See my signature for setup. I have the bow setup somewhere between 55-60 lbs (last measured 56). The bow can take 70 lbs. Physically, I can't. At first I had the sight mounted at the next-to-furthest set of holes in order to use my original peep. After hitting dead center with the 20 yard pin with 100grain field points, I stepped back to 30, but had to maxx out the downward pin travel to get it shooting close to center. I stepped back to 50 yards and was hitting about 8 inches low. Now I have it mounted with the next-to-closest set of holes and drilled out my peep, it still hits around 6 inches low at 50. I guess I could move the peep higher, but that would mean changing my anchor point. Since I haven't seen any one complaining about this sight with this problem, should I assume I have a low energy bow? I had an Armortech HD before this sight. I sighted it in for 50, but the pin was really close to the bottom, making it impossible to sight the last pin in for 60.


----------



## boggintuff (Jun 8, 2011)

We will need to know what arrow/weight/FOC you are running. My guess is you are prolly running too heavy of an arrow


----------



## Flonuzzo (Jan 4, 2011)

metoo said:


> See my signature for setup. I have the bow setup somewhere between 55-60 lbs (last measured 56). The bow can take 70 lbs. Physically, I can't. At first I had the sight mounted at the next-to-furthest set of holes in order to use my original peep. After hitting dead center with the 20 yard pin with 100grain field points, I stepped back to 30, but had to maxx out the downward pin travel to get it shooting close to center. I stepped back to 50 yards and was hitting about 8 inches low. Now I have it mounted with the next-to-closest set of holes and drilled out my peep, it still hits around 6 inches low at 50. *I guess I could move the peep higher, but that would mean changing my anchor point.* Since I haven't seen any one complaining about this sight with this problem, should I assume I have a low energy bow? I had an Armortech HD before this sight. I sighted it in for 50, but the pin was really close to the bottom, making it impossible to sight the last pin in for 60.

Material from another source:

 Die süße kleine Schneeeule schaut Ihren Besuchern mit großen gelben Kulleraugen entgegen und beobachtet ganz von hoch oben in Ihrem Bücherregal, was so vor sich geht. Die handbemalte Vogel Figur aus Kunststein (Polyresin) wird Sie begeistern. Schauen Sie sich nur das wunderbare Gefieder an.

The majority of times I've helped someone with a sight that runs out of elevation adjustment it is because of a too low peep and therefore a too high anchor. I would try working on this first.


----------



## olemil4me (Mar 1, 2008)

I believe the bow is to slow for this sight moving your peep or anchor will not change your pin gap the only thing that will change that is arrow speed which means more poundage or lighter arrow


----------



## metoo (Sep 18, 2012)

boggintuff said:


> We will need to know what arrow/weight/FOC you are running. My guess is you are prolly running too heavy of an arrow



27" Beman ICS Hunter Elite arrows, 400 (8.4gpi). with blazer fletching and 100 grain field tip.



Flonuzzo said:


> The majority of times I've helped someone with a sight that runs out of elevation adjustment it is because of a too low peep and therefore a too high anchor. I would try working on this first.

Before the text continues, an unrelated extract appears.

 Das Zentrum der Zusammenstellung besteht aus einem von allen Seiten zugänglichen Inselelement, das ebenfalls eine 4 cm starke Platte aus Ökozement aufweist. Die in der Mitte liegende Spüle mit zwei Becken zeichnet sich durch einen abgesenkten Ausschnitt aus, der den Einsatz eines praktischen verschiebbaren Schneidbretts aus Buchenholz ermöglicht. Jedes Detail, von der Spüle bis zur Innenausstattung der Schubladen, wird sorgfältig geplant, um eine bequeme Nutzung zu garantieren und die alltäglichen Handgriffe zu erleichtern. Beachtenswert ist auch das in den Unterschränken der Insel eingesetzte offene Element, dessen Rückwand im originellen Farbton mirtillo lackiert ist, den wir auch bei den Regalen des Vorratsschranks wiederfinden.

Everything with anchor is all jacked now, but with the the string hitting the intersection of my nostril and nose tip and hitting the crease of my mouth, the peep is actually half a circle higher than the sight. I have to lower my shooting hand or raise my nose to align the peep with the sight.


----------



## metoo (Sep 18, 2012)

olemil4me said:


> I believe the bow is to slow for this sight moving your peep or anchor will not change your pin gap the only thing that will change that is arrow speed which means more poundage or lighter arrow


I'll see if I can get the local shop to sell me just one arrow. They have several brands out of the box in bins of 100's, but sell them by the 1/2 dozen. I just wanna buy one or two Beman 500's for testing. They are 7.3gpi vs the 8.4gpi I have now.


----------



## sumo82 (Jan 30, 2013)

how fast your arrows flying? jw. I might have this issue too and you guys might see a brand new react in the classifieds soon.


----------



## gofor (Feb 4, 2013)

I have a mission riot that I am currently shooting at 58lbs. Also have the React sight. I have the sight mounted the furthest out I can get it (with my 27" DL I can barely get the full outside circle in my 1/4" peep). Shooting my 27" 400gr Beman ICS hunters, I can only get to about 55 yds on the lowest pin with the sight maxed out (with the 400 gr arrows, the max I can get is about 25' between pins). I also have some radial x-weave stl hunters that weigh in about 355 gr. With them I can just get 60 yds with the bottom pin maxed out.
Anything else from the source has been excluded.